• _How to complete this task_: Give all the lines below again, exactly, with no pictures.

• _Provided material_:
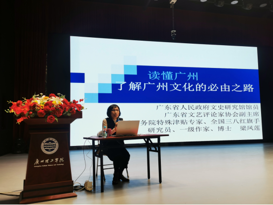 梁凤莲结合自身经历回顾了广州的历史变迁,通过政策解读与比较研究勾勒出广州文化的脉络,生动地呈现出了解广州文化的视野与方法,引起与会师生的强烈共鸣与互动交流。梁凤莲认为读懂广州在于对广州文化的认识程度,可以从历史分期、文化主体、文化品牌、城市空间、形成轨迹等方面去深入了解。
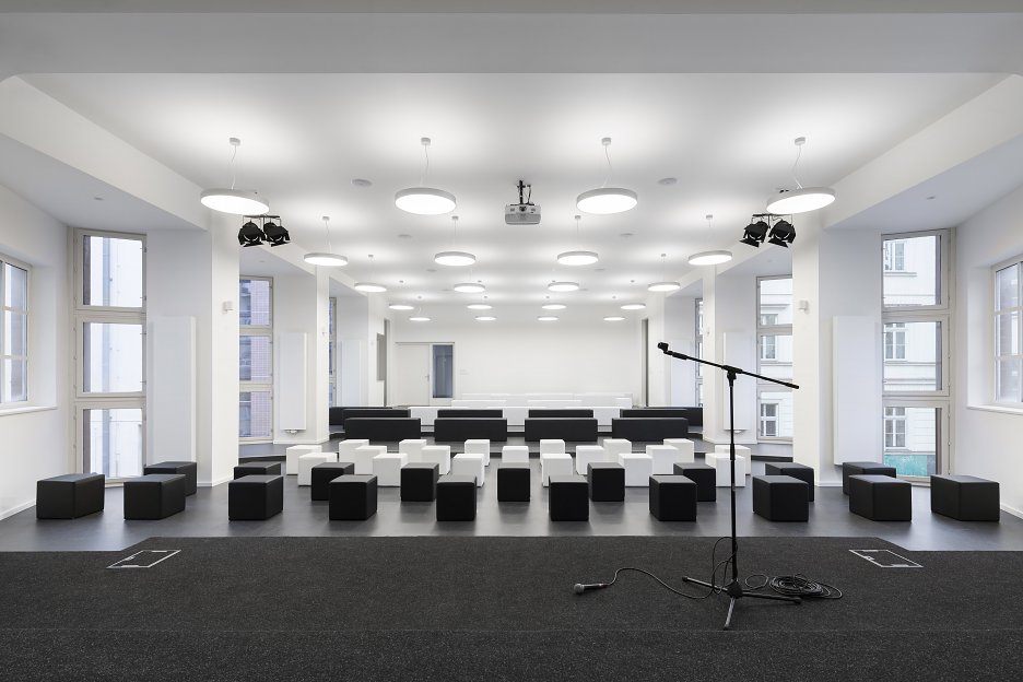Medzinárodná evanjelická cirkev Faith Community oslovila architektov s prosbou o konzultácie už vo fáze hľadania nájomných priestorov. Zadaním bol minimálny rozpočet a maximálny komunitný úžitok. “Po sérii nezdařených jednání a hromadě obtížně přizpůsobitelných pronájmů se v jednom z vnitrobloků na pražské Letné objevil nečekaný klenot. Působivý, leč dožilý sál o půdorysu trilobita, zbudovaný pro ÚV KSČ těsně před pádem režimu. Tržní potřeby 90. let sál postupně pobořily dodatečnými okny a proměnily v garáže a kanceláře, aby nakonec zcela morálně dožil. Z této výchozí podoby vyšla naše konverze,” približujú genézu projektu architekti.
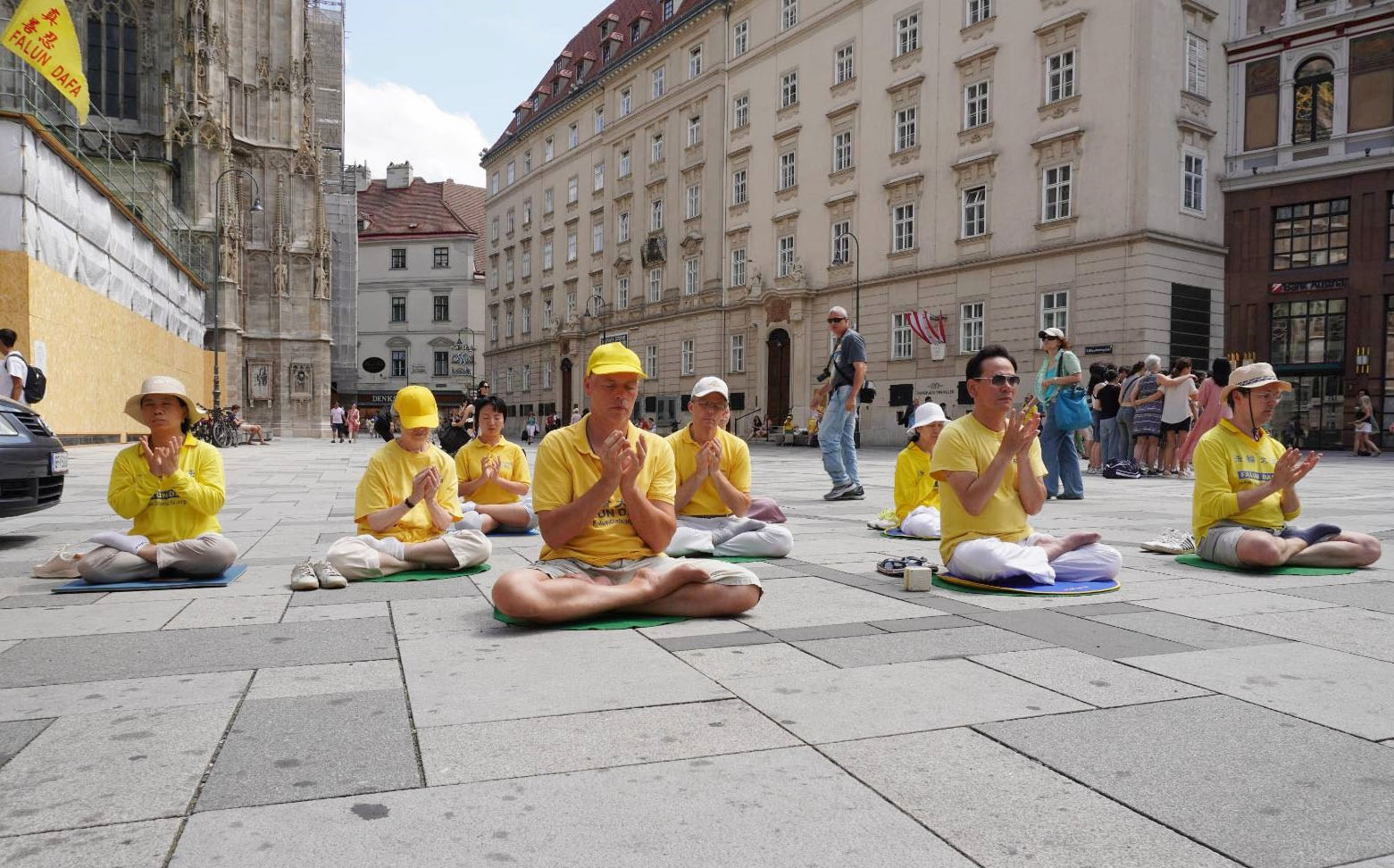 Obeležavajući 25. godišnjicu nastojanja Falun Gong praktikanata da okončaju progon od strane Komunističke partije Kine (KPK), praktikanti su 13. jula 2024. održali miting na Štefansplacu u Beču. Oni su demonstrirali vežbe i postavili su info panoe o 25-godišnjem progonu.
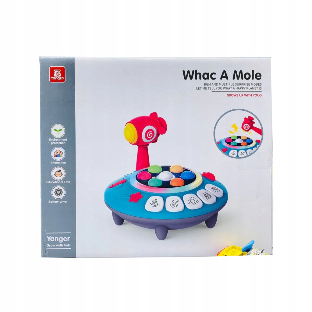 - Na planszy znajduje się 7 ślicznych kolorowych guzików, które świecą się naprzemiennie podczas gry i trzeba w nie trafiać młoteczkiem.
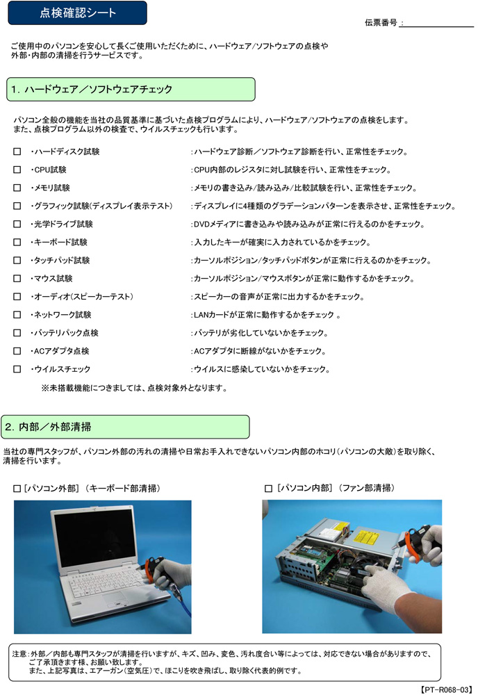 ハードウェア・ソフトウェアの点検や内部の清掃を行う有料サービスです。特に壊れてはいないけれど、ちょっと気になる点がある方や使い始めてから1年、2年といった節目に定期点検をしたいという方におすすめのサービスです。

• _Solved exercise_:
 梁凤莲结合自身经历回顾了广州的历史变迁,通过政策解读与比较研究勾勒出广州文化的脉络,生动地呈现出了解广州文化的视野与方法,引起与会师生的强烈共鸣与互动交流。梁凤莲认为读懂广州在于对广州文化的认识程度,可以从历史分期、文化主体、文化品牌、城市空间、形成轨迹等方面去深入了解。
Medzinárodná evanjelická cirkev Faith Community oslovila architektov s prosbou o konzultácie už vo fáze hľadania nájomných priestorov. Zadaním bol minimálny rozpočet a maximálny komunitný úžitok. “Po sérii nezdařených jednání a hromadě obtížně přizpůsobitelných pronájmů se v jednom z vnitrobloků na pražské Letné objevil nečekaný klenot. Působivý, leč dožilý sál o půdorysu trilobita, zbudovaný pro ÚV KSČ těsně před pádem režimu. Tržní potřeby 90. let sál postupně pobořily dodatečnými okny a proměnily v garáže a kanceláře, aby nakonec zcela morálně dožil. Z této výchozí podoby vyšla naše konverze,” približujú genézu projektu architekti.
 Obeležavajući 25. godišnjicu nastojanja Falun Gong praktikanata da okončaju progon od strane Komunističke partije Kine (KPK), praktikanti su 13. jula 2024. održali miting na Štefansplacu u Beču. Oni su demonstrirali vežbe i postavili su info panoe o 25-godišnjem progonu.
 - Na planszy znajduje się 7 ślicznych kolorowych guzików, które świecą się naprzemiennie podczas gry i trzeba w nie trafiać młoteczkiem.
 ハードウェア・ソフトウェアの点検や内部の清掃を行う有料サービスです。特に壊れてはいないけれど、ちょっと気になる点がある方や使い始めてから1年、2年といった節目に定期点検をしたいという方におすすめのサービスです。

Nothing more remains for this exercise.